▸ Exercise aim: When writing out the listing below, reproduce every word exactly and skip the pictures.

▸ Source data:
════

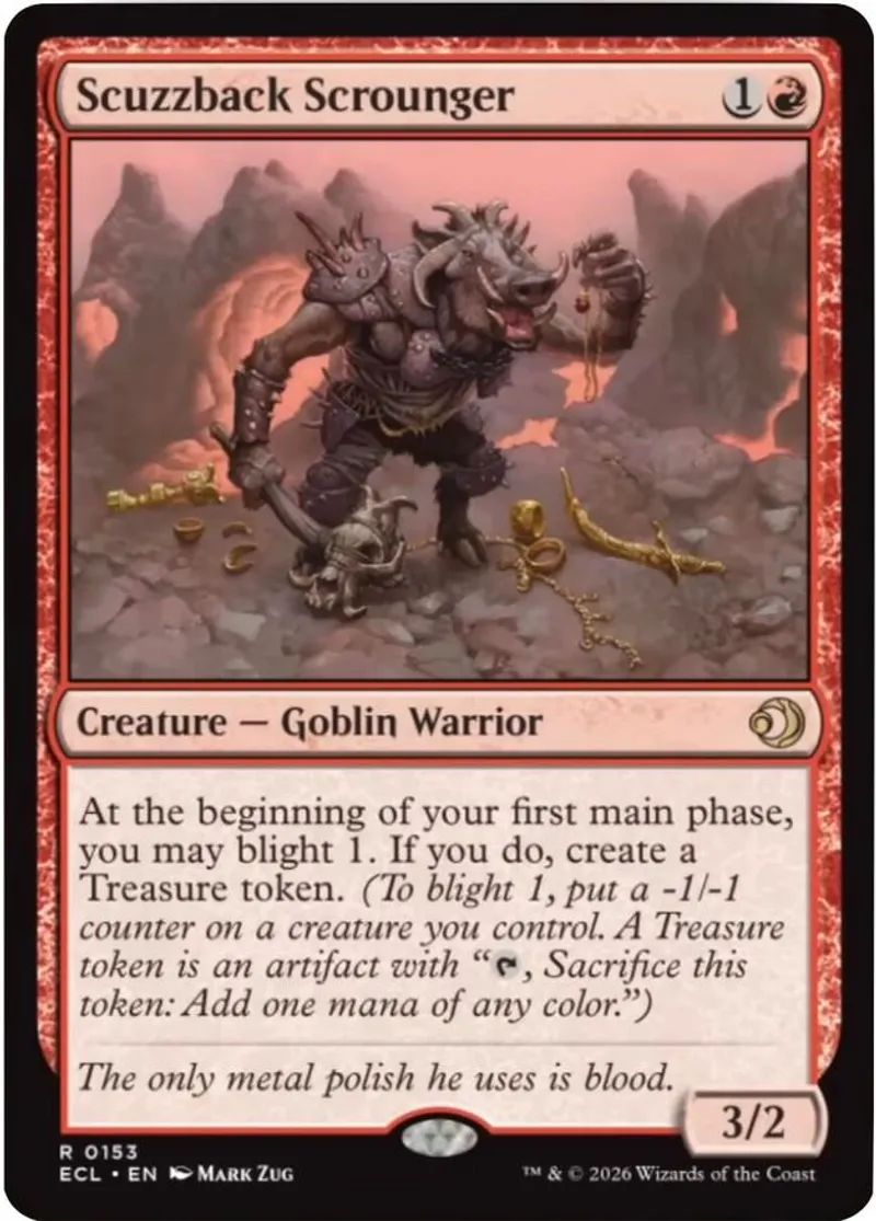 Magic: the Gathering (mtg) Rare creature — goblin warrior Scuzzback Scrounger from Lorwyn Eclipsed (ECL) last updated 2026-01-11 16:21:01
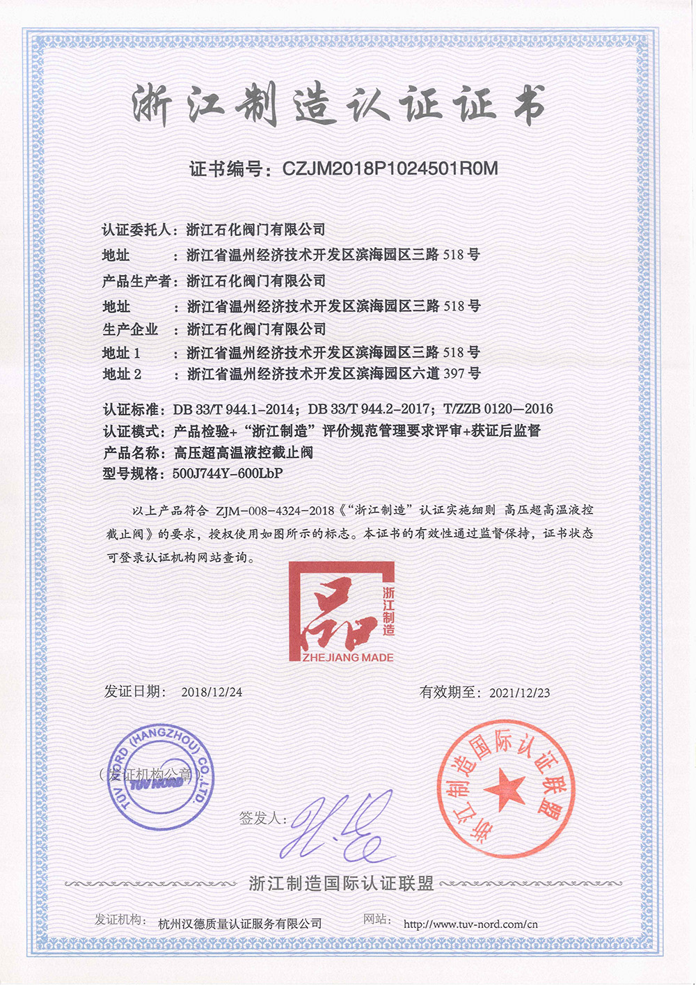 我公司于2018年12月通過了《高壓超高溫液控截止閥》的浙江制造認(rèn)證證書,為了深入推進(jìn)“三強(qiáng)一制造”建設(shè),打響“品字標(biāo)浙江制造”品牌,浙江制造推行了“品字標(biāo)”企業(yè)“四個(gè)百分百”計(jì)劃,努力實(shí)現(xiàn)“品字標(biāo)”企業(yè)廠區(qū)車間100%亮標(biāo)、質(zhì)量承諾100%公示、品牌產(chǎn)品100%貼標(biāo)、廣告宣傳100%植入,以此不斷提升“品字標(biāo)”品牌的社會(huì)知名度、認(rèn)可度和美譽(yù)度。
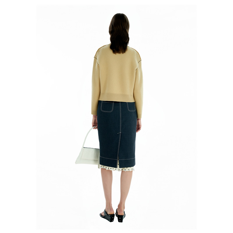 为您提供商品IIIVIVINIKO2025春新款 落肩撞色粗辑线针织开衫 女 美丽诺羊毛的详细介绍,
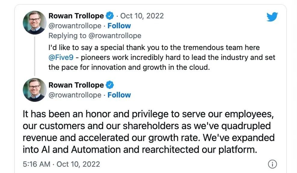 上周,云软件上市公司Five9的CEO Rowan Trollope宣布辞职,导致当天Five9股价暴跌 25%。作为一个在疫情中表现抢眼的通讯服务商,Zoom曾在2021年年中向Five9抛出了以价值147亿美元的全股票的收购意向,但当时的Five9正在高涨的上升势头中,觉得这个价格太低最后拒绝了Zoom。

════

▸ Answer section:
 Magic: the Gathering (mtg) Rare creature — goblin warrior Scuzzback Scrounger from Lorwyn Eclipsed (ECL) last updated 2026-01-11 16:21:01
 我公司于2018年12月通過了《高壓超高溫液控截止閥》的浙江制造認(rèn)證證書,為了深入推進(jìn)“三強(qiáng)一制造”建設(shè),打響“品字標(biāo)浙江制造”品牌,浙江制造推行了“品字標(biāo)”企業(yè)“四個(gè)百分百”計(jì)劃,努力實(shí)現(xiàn)“品字標(biāo)”企業(yè)廠區(qū)車間100%亮標(biāo)、質(zhì)量承諾100%公示、品牌產(chǎn)品100%貼標(biāo)、廣告宣傳100%植入,以此不斷提升“品字標(biāo)”品牌的社會(huì)知名度、認(rèn)可度和美譽(yù)度。
 为您提供商品IIIVIVINIKO2025春新款 落肩撞色粗辑线针织开衫 女 美丽诺羊毛的详细介绍,
 上周,云软件上市公司Five9的CEO Rowan Trollope宣布辞职,导致当天Five9股价暴跌 25%。作为一个在疫情中表现抢眼的通讯服务商,Zoom曾在2021年年中向Five9抛出了以价值147亿美元的全股票的收购意向,但当时的Five9正在高涨的上升势头中,觉得这个价格太低最后拒绝了Zoom。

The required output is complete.